This thread has been locked.

If you have a related question, please click the "Ask a related question" button in the top right corner. The newly created question will be automatically linked to this question.

AM5726: Dynamic RAM size allocation in U-boot

Part Number: AM5726

Good Day all

II have seen a post before regarding this question but for the life of me I can't seem to get it again through the search engine.

I am currently using a custom board where we can control the hardware build to add 2G or 4G or Ram at production.

My question

For U-Boot and Kernel release. can one set to detect Populated RAM size and then adjust U-Boot and Kernel parameters for the allocated RAM on board?.

U-Boot : 2018-01

SDK: 5.02.00.10

Regards

  • Hi Gert,

    Gert van der Merwe81 said:
    For U-Boot and Kernel release. can one set to detect Populated RAM size and then adjust U-Boot and Kernel parameters for the allocated RAM on board?
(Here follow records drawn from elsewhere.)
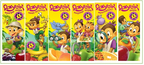 В итоге сок «Джусик» имеет вкусы и выглядит в соответствии с пожеланиями мам и детей. Герой бренда - любознательная обезьянка Джу, которая ищет и собирает фрукты в джунглях, а также часто попадает в приключения вместе с друзьями. Этот бренд будет не только развлекать, но и нести познавательную функцию: изучать вместе с детьми животный и растительный мир разных регионов мира. Новинка для рынка - оригинальная турбо-трубочка, которая имеет не привычное одно, а три отверстия.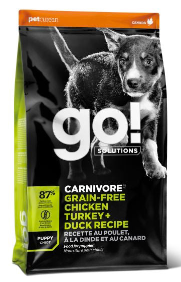 GO! CARNIVORE Grain Free Chicken, Turkey + Duck Puppy Recipe for Dogs is formulated to meet the nutritional levels established by the AAFCO dog food nutrient profiles for growth except growth of large size dogs (70lbs or more as an adult).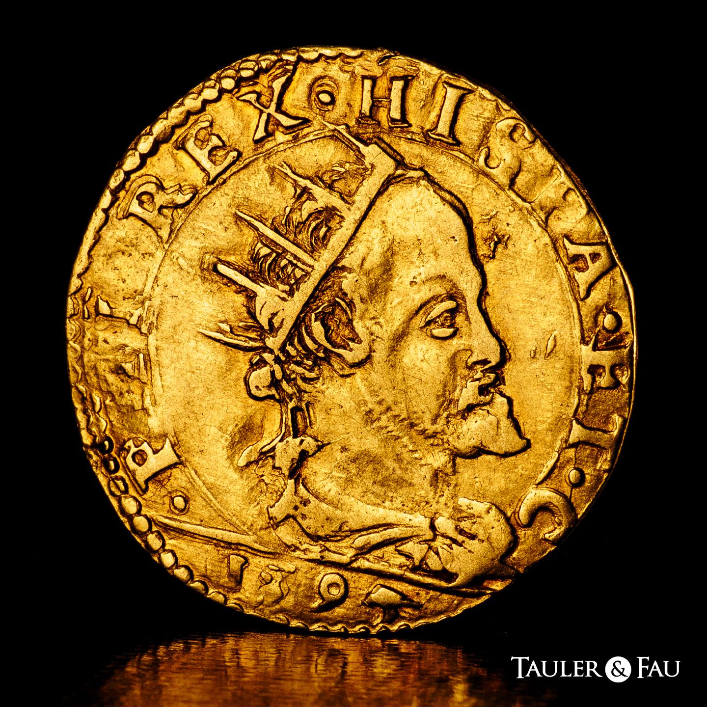 Felipe II (1556-1598). 1 Doppia. 1594. Milán. (Tauler-323). (Fr-716). (Mir-Mil 301/12). Au. 6,49 g. Bonito color. Rara. MBC+. Est...1500,00.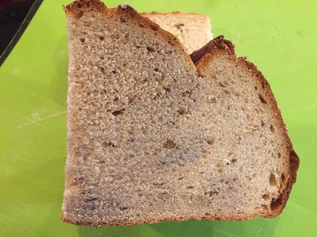 Starter had 3/4 cup bread flour and 3/4 cup rye flour. Flour mixture then had 2 1/2 cups bread flour.
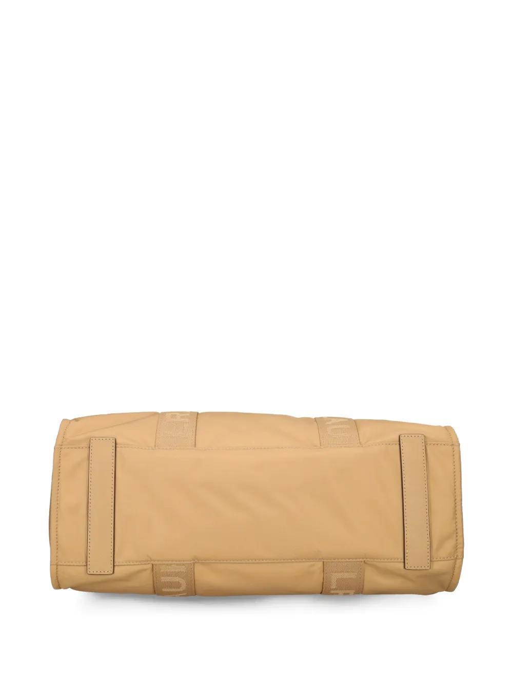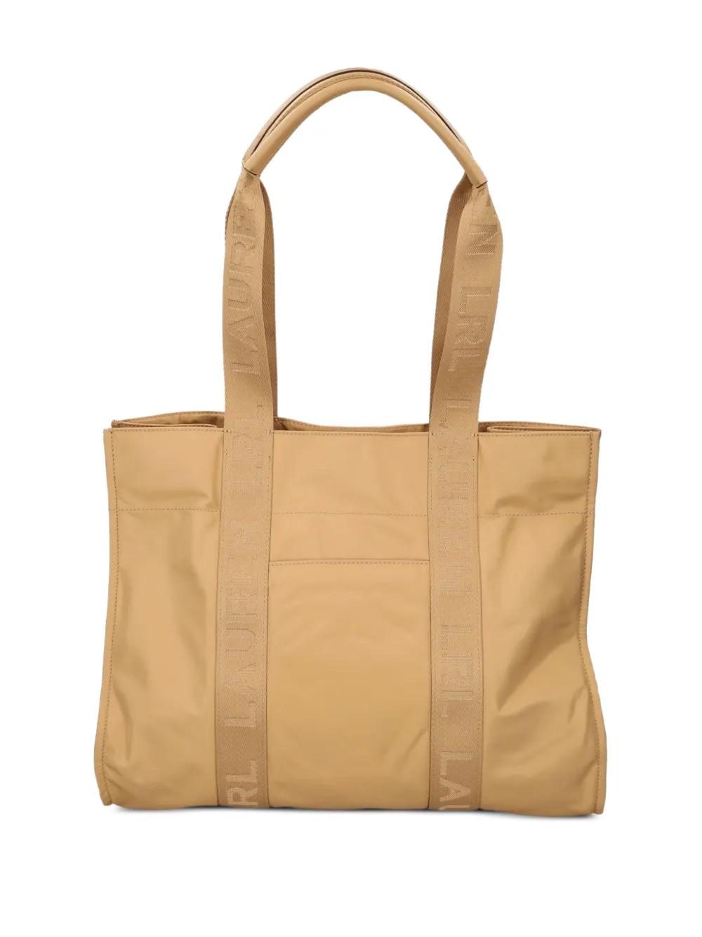 beige embossed logo detailing dual shoulder straps dual top handles open-top design main compartment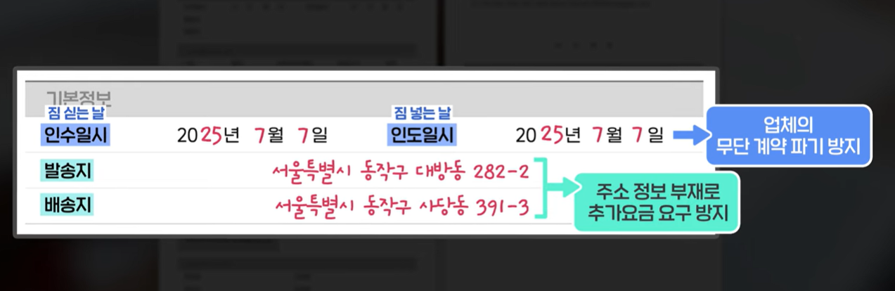 인수일·인도일·발송지·배송지를 정확히 기록,

    Sounds like you want to auto-detect RAM size?

    There might be a way to get this to work on AM57xx by leveraging the size auto-detect function in U-Boot by doing the following modifications:

    • The central function in U-Boot leveraged to determine the DDR size on those devices is arch/arm/mach-omap2/hwinit-common.c:omap_sdram_size()
    • Update this function to call get_ram_size((void *)CONFIG_SYS_SDRAM_BASE, CONFIG_MAX_RAM_BANK_SIZE) rather than reading and determining the DDR size based on EMIF settings
    • The Kernel should automatically see these changes due to the fact that U-Boot updates the Kernel's device tree memory description on the fly

    The potential issue I see with this is that the device may not "like" the fact that you try accessing non-existing memory locations during the probe process, which may manifest itself in exceptions even later in the boot flow (during Kernel startup). There may also be similar limitations with this approach specifically as it relates to HS (high secure) device variants (think firewalls).

    Do you have any other way to distinguish different HW versions of your board? For example a GPIO pin you could probe during device startup? I think this would make for a cleaner solution.